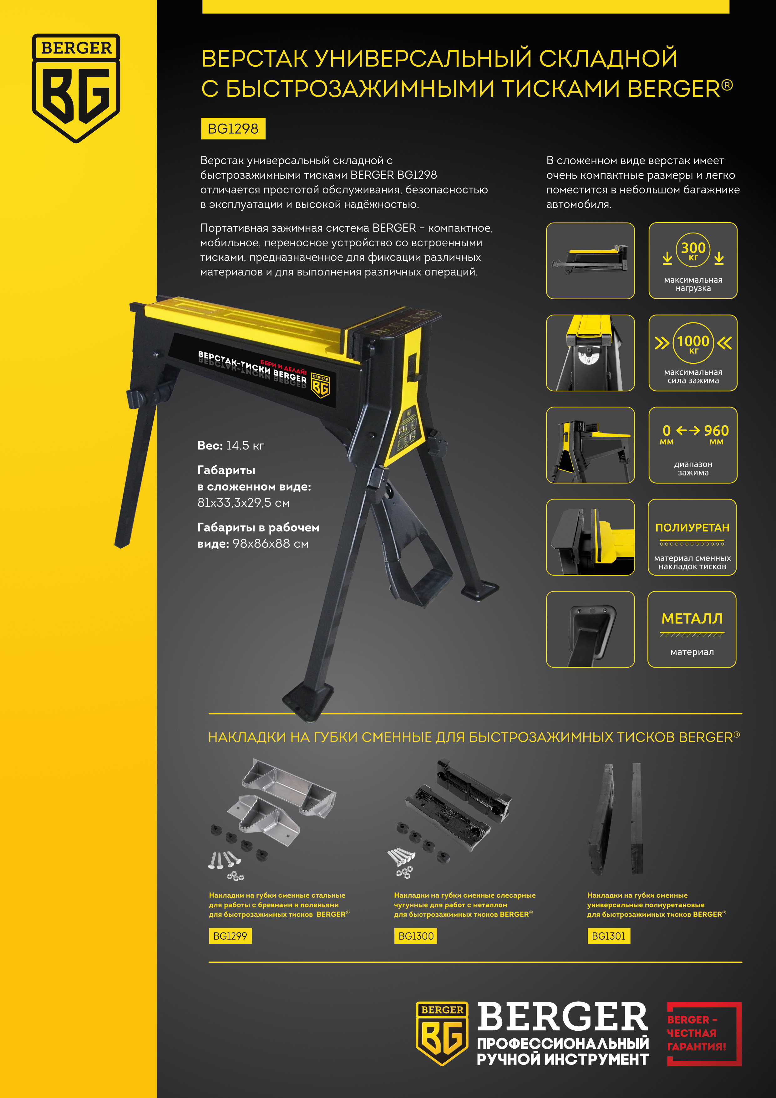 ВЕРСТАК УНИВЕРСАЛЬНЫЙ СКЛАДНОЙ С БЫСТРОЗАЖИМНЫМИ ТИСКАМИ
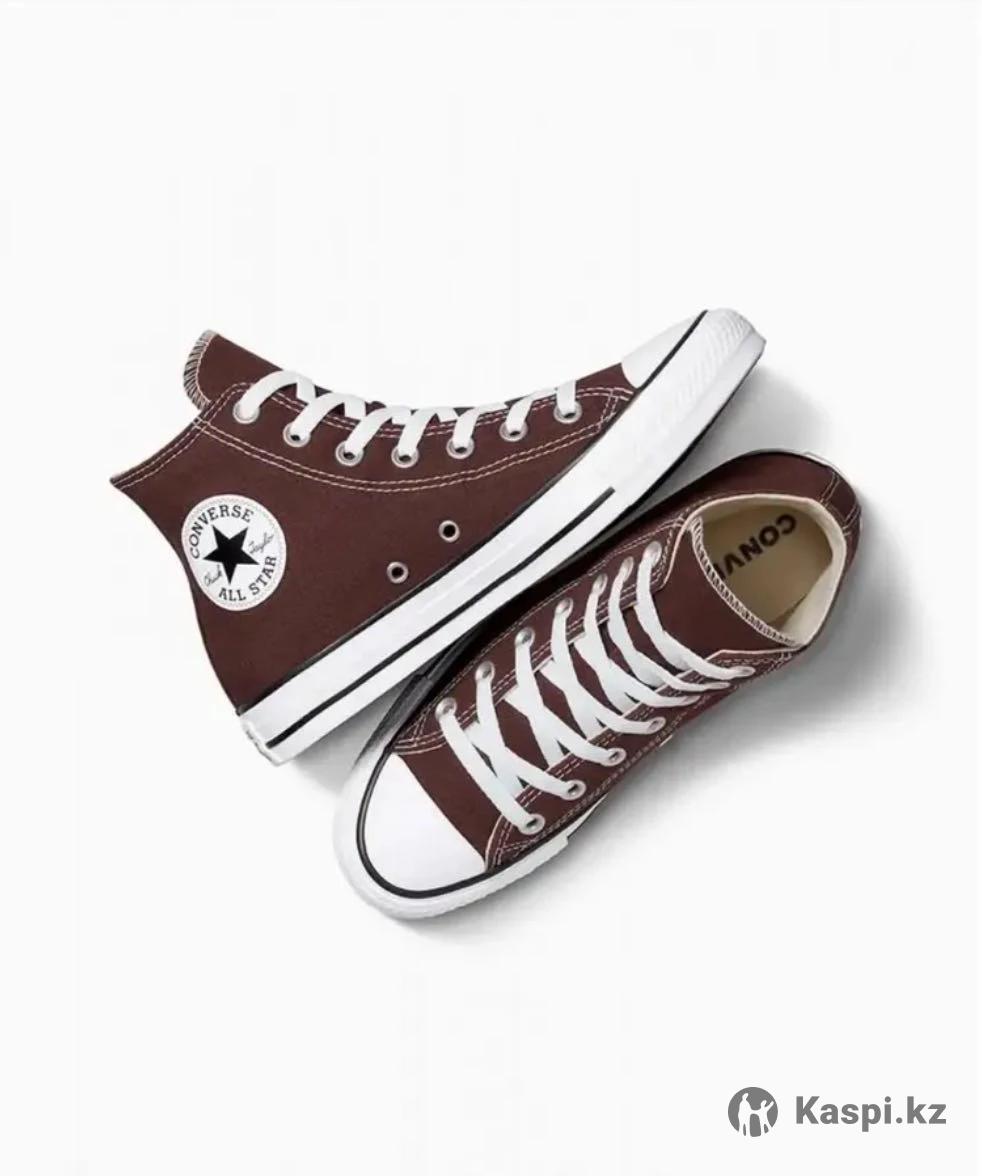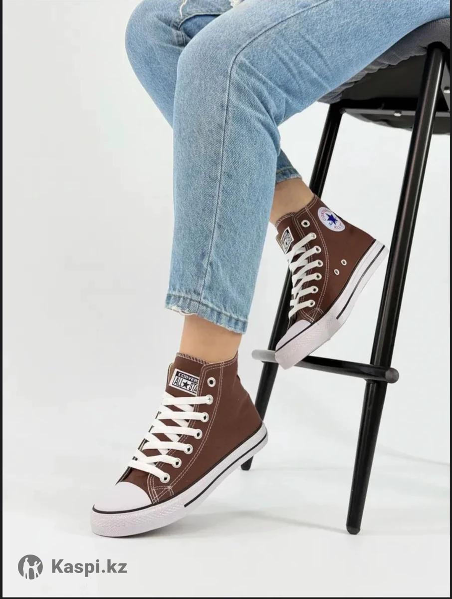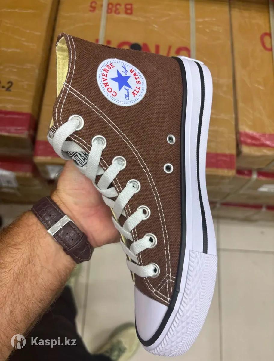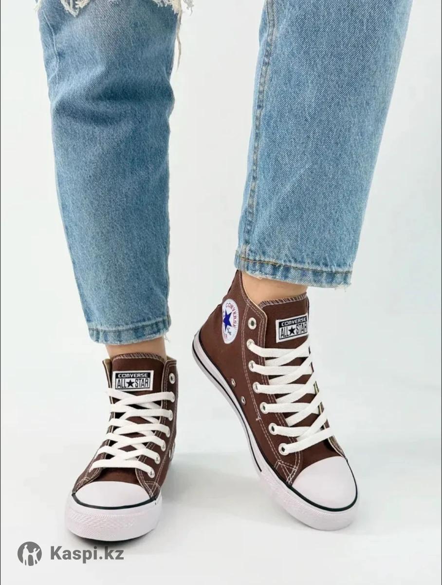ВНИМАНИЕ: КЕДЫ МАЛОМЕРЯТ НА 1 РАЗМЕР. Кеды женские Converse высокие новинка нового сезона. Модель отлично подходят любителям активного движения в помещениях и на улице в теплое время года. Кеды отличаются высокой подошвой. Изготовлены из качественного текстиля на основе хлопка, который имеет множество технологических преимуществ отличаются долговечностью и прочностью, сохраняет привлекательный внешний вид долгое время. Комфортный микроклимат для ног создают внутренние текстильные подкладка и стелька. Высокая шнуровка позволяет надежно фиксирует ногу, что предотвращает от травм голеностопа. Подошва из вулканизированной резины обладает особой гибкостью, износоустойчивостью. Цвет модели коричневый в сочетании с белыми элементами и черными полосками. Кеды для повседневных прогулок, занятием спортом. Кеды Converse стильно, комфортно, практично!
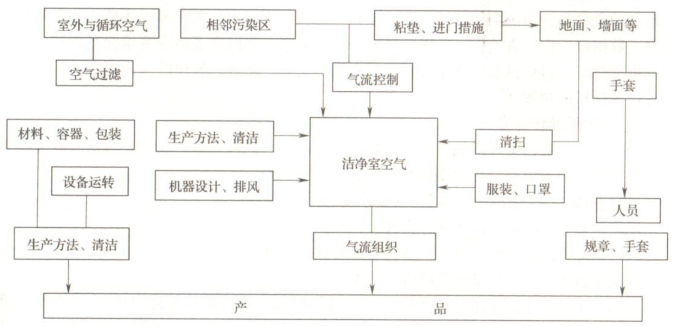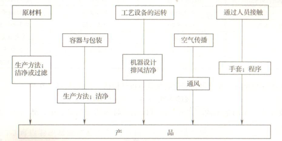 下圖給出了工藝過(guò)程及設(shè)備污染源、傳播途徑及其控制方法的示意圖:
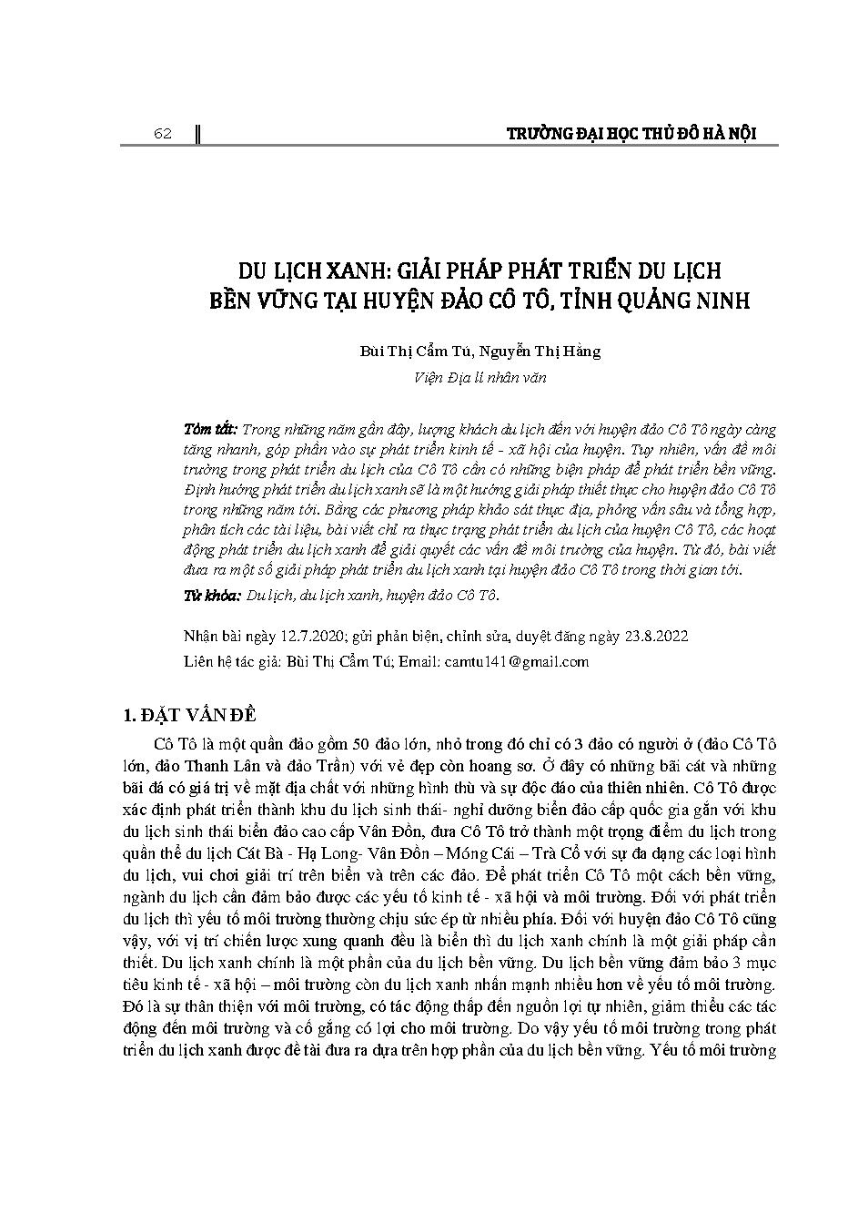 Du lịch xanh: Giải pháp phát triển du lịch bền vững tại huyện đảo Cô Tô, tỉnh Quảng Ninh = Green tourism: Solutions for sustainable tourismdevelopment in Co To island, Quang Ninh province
········
WHAT IS REQUIRED: Once the pictures are dropped, please print every remaining line of the material verbatim.

EXPECTED OUTPUT:
 ВЕРСТАК УНИВЕРСАЛЬНЫЙ СКЛАДНОЙ С БЫСТРОЗАЖИМНЫМИ ТИСКАМИ
ВНИМАНИЕ: КЕДЫ МАЛОМЕРЯТ НА 1 РАЗМЕР. Кеды женские Converse высокие новинка нового сезона. Модель отлично подходят любителям активного движения в помещениях и на улице в теплое время года. Кеды отличаются высокой подошвой. Изготовлены из качественного текстиля на основе хлопка, который имеет множество технологических преимуществ отличаются долговечностью и прочностью, сохраняет привлекательный внешний вид долгое время. Комфортный микроклимат для ног создают внутренние текстильные подкладка и стелька. Высокая шнуровка позволяет надежно фиксирует ногу, что предотвращает от травм голеностопа. Подошва из вулканизированной резины обладает особой гибкостью, износоустойчивостью. Цвет модели коричневый в сочетании с белыми элементами и черными полосками. Кеды для повседневных прогулок, занятием спортом. Кеды Converse стильно, комфортно, практично!
 下圖給出了工藝過(guò)程及設(shè)備污染源、傳播途徑及其控制方法的示意圖:
 Du lịch xanh: Giải pháp phát triển du lịch bền vững tại huyện đảo Cô Tô, tỉnh Quảng Ninh = Green tourism: Solutions for sustainable tourismdevelopment in Co To island, Quang Ninh province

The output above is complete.